I like the Merwin poem, but don't really get what it means to call it "perfect." More perfect than "A Valediction Forbidding Mourning," or "Ode on a Grecian Urn," or "Among School Children," or "The Whitsun Weddings," etc.? Maybe, but I still prefer the ones I listed. The Merwin is very fine, however. Chris |
A good list, Chris, though I would substitute "Ode to Autumn" for "Grecian Urn". It's a rare example of a poem that strikes me as having all those qualities of exquisite formal symmetry, as Richard calls it, superb suggestive power and total appropriateness of diction, imagery, sensuality and sense. So maybe that's English literature's perfect poem. It's tragic but maybe also inevitable that it was (with one or two minor exceptions) Keats's last poem. Where do you go after perfection?

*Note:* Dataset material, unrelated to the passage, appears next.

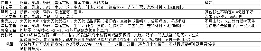 3.经济收入,首先私聊群里有个管理,让他开通一下交易权限,免费的。经济收入主要是:祝福,灵魂,技能书,幸运防10的黑龙级别装备,幸运防10的套装,生命,创造(可以抽取果实,一样值钱),猛兽的脚趾(合狼,目前最厉害宠物),这些都是目前很好卖的,基本打到一个 直接可以买会员了。看下表可能比较清晰:

But then again maybe perfection is the wrong thing to be looking for in a poem. |
I've always liked this imperfect poem for its demonstration that it's the imperfect human element that makes art attractive. Here, the oxymorons and imperfect meter and rhyme:
DELIGHT IN DISORDER. by Robert Herrick A sweet disorder in the dress Kindles in clothes a wantonness : A lawn about the shoulders thrown Into a fine distraction : An erring lace which here and there Enthrals the crimson stomacher : A cuff neglectful, and thereby Ribbons to flow confusedly : A winning wave (deserving note) In the tempestuous petticoat : A careless shoe-string, in whose tie I see a wild civility : Do more bewitch me than when art Is too precise in every part. |
Ralph's post makes me think of Alicia's fabulous "Antiblurb," on the back of Hapax. I feel like it's been posted at some point before, but what the hell, I'll paste it in:
Antiblurb This is not necessary. This is neither Crucial nor salvation. It is no hymn To harmonize the choirs of seraphim, Nor any generation's bold bellwether Leading the flock, no iridescent feather Dropped from the Muse's wing. It does not limn, Or speak in tongues, or voice the mute, or dim Outmoded theories with its fireworks. Rather This is flawed and mortal, and its stains Bear the evidence of taking pains. It did not have to happen, won't illumine The smirch of history, the future's omen. Necessity is merely what sustains — It's what we do not need that makes us human. I love how the enjambment from octave to sestet enacts the sort of flaw the poem admits to having. Is it really a flaw if it helps make the point? Does that make the poem perfect or imperfect? I don't know, but I like it. Chris PS., Gregory, Okay, To Autumn it is. Actually, I love all Keats' major odes. My favorite part from Grecian Urn is the beginning of the last stanza, down to "as doth eternity." And the part about the sacrifice. And the beginning. And the whole thing. Actually, surely that's an "imperfect" poem, in the sense of "incomplete," since we have no idea how the end is to be punctuated--where do the quotes start and stop? |
Ralph,
I love the Herrick. The brilliant start, the hopeless middle, the distracted end. Alas, everything I love about Herrick, and all of his faults, displayed in a single piece! Phillip, I've chucked the whole idea of perfect, and replaced it with "lovely little piece of work." My problem is that I agree with Henry: "Literature bores me, especially great literature..." It's a sign of my bad character that I have a fondness for small medallions. So I prefer things like J. V. Cunningham: ********************* For My Contemporaries How time reverses The proud in heart! I now make verses Who aimed at art. But I sleep well. Ambitious boys Whose big lines swell With spiritual noise, Despise me not! And be not queasy To praise somewhat: Verse is not easy. But rage who will. Time that procured me Good sense and skill Of madness cured me. ************************* Now, there's a pretty little thing. Gorgeous. And every time we go over the George Washington Bridge, my wife insists I recite Paul Goodman's little ditty to her: ************************* The Lordly Hudson "Driver, what stream is it?" I asked, well knowing it was our lordly Hudson hardly flowing. "It is our lordly Hudson hardly flowing," he said, under the green-grown cliffs." Be still, heart! No one needs your passionate suffrage to select this glory, this is our lordly Hudson hardly flowing under the green-grown cliffs. "Driver, has this a peer in Europe or the East?" "No, no!" he said. Home! Home! Be quiet, heart! This is our lordly Hudson and has no peer in Europe or the east. This is our lordly Hudson hardly flowing under the green-grown cliffs and has no peer in Europe or the East. Be quiet, heart! Home! Home! ***************************** It's funny what sticks in our heads. Little medallions, silly small things. Charming. Thanks, Bill |
I've always loved that Goodman poem, though I'm hard pressed to say why.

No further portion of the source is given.